_Task statement:_ Take the line that contains "Каталог запасных частей" and each one after it through the last line below, and retype them exactly. Leave out the pictures.

_Stored dataset items:_
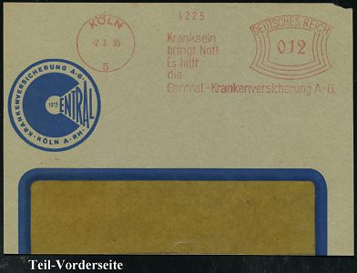9166 | 14 € | 5000 KÖLN (Absender-Freistempel) : KÖLN/ 5/ Kranksein/ bringt Not!/ Es hilft/ die/ Central-Krankenversicherung AG 1935 (2.3.) AFS Francotyp "Bogenrechteck" auf Teil-Vorderseite: 1913 CENTRAL KRANKENVERSICHERUNGS AG (Dü.E-1CEh) | ![]() | |
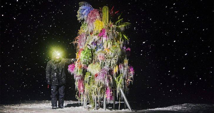 Японский художник Азума Макото использует холод как инструмент для работы с природой. В серии «Замерзшие цветы» он помещает свежие букеты в глыбы прозрачного льда и выставляет их на заснеженном поле.
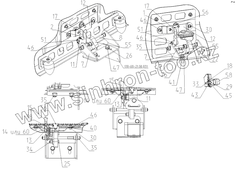 Каталог запасных частей к технике: ЭКСМАШ E130W. Установка замков 130-01-22.00.200
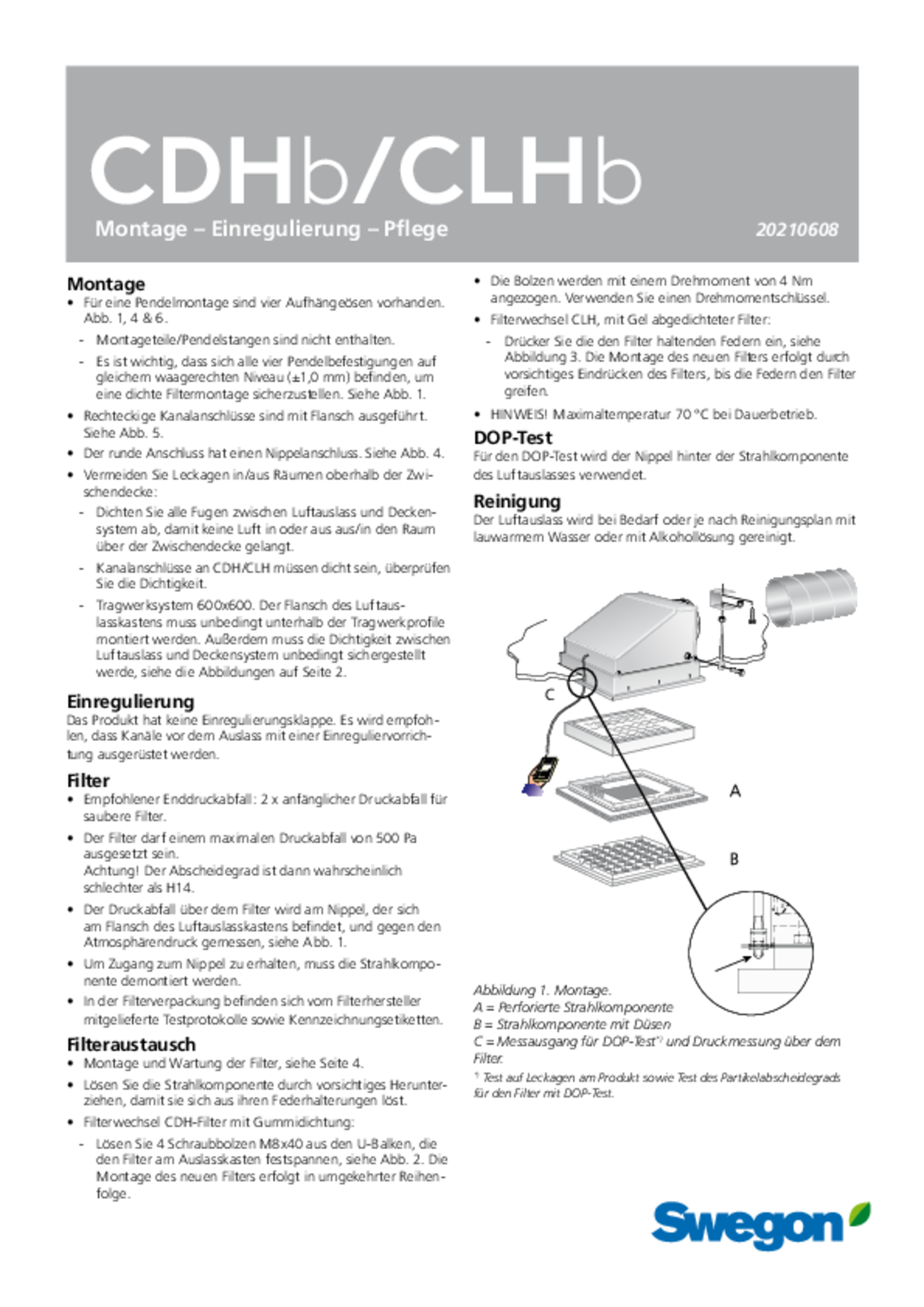 - Ausgerüstet mit Hepafilter H14 mit Gel (CLH)- oder Gummidichtung (CDH)
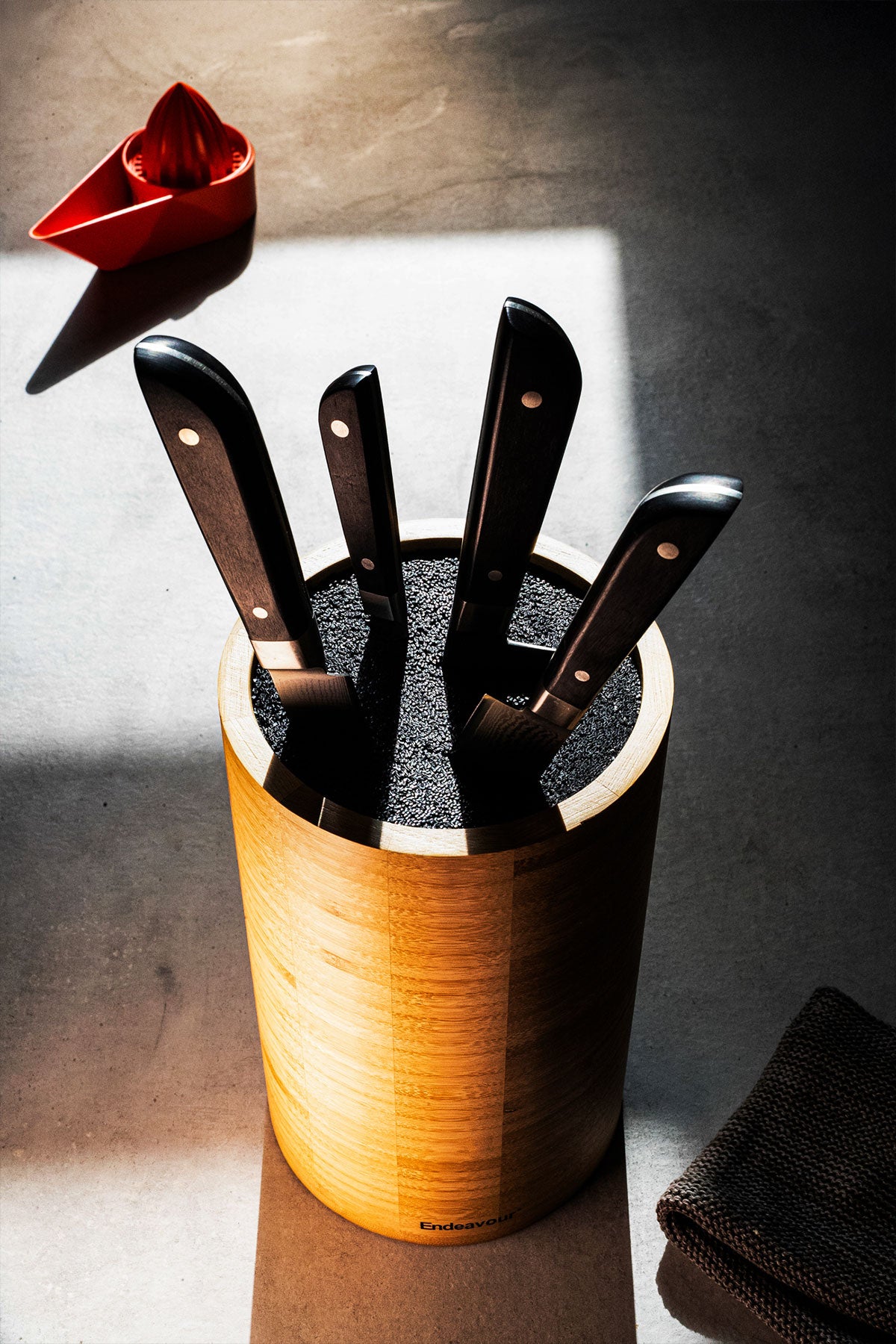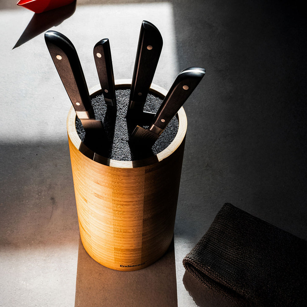 Constructed from 100% bamboo, the Endeavour Knife holder is extraordinary flexible, a plus for every creative chef. The simple design lets you easily store any combination of knives.

_Solution:_
 Каталог запасных частей к технике: ЭКСМАШ E130W. Установка замков 130-01-22.00.200
 - Ausgerüstet mit Hepafilter H14 mit Gel (CLH)- oder Gummidichtung (CDH)
 Constructed from 100% bamboo, the Endeavour Knife holder is extraordinary flexible, a plus for every creative chef. The simple design lets you easily store any combination of knives.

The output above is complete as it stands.